━━━━━ SUPPLIED INFORMATION

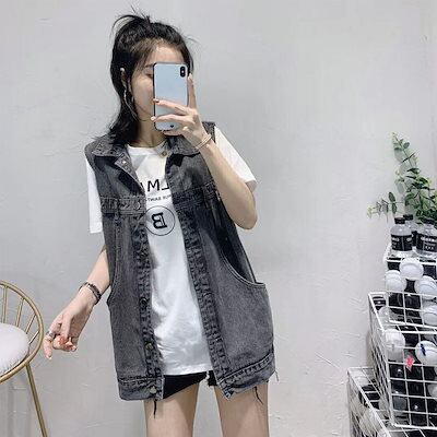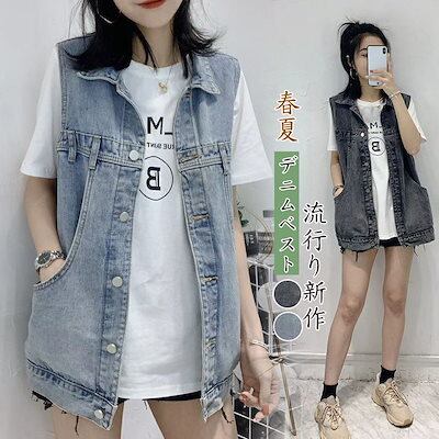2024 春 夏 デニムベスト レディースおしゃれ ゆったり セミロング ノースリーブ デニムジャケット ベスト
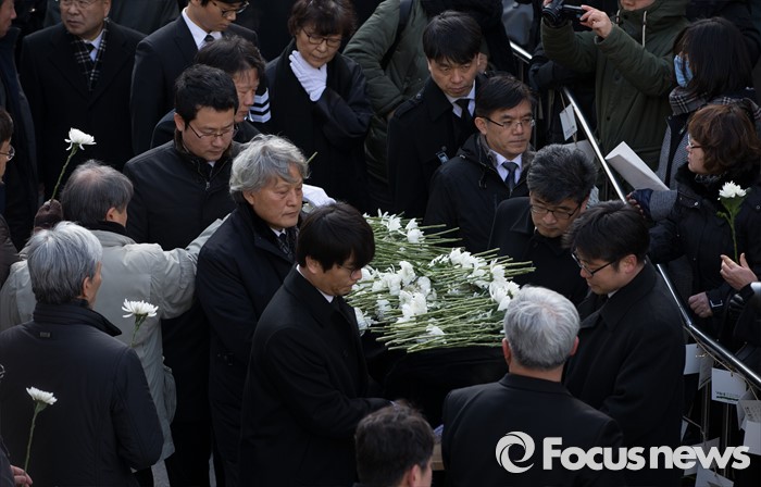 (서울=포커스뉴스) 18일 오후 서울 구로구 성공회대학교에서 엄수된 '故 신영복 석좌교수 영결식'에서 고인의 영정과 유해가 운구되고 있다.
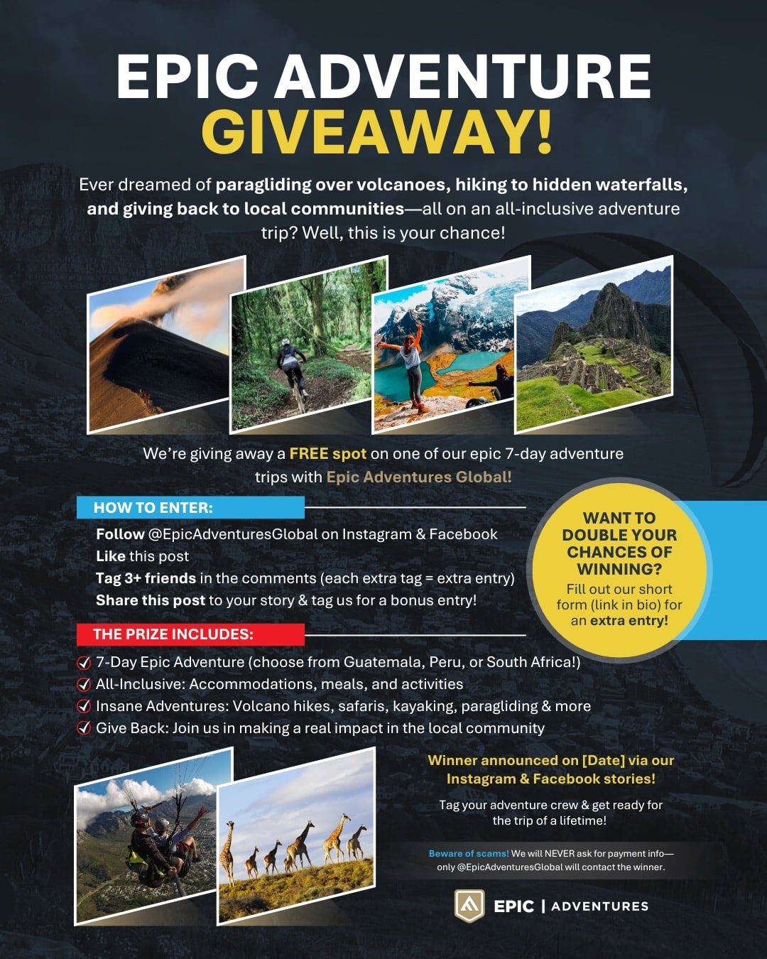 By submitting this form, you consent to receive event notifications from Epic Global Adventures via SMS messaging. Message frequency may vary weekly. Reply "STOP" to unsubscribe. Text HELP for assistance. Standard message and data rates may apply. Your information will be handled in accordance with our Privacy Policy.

━━━━━━━━━━

All of the data should be returned word for word, with each picture left out.

2024 春 夏 デニムベスト レディースおしゃれ ゆったり セミロング ノースリーブ デニムジャケット ベスト
 (서울=포커스뉴스) 18일 오후 서울 구로구 성공회대학교에서 엄수된 '故 신영복 석좌교수 영결식'에서 고인의 영정과 유해가 운구되고 있다.
 By submitting this form, you consent to receive event notifications from Epic Global Adventures via SMS messaging. Message frequency may vary weekly. Reply "STOP" to unsubscribe. Text HELP for assistance. Standard message and data rates may apply. Your information will be handled in accordance with our Privacy Policy.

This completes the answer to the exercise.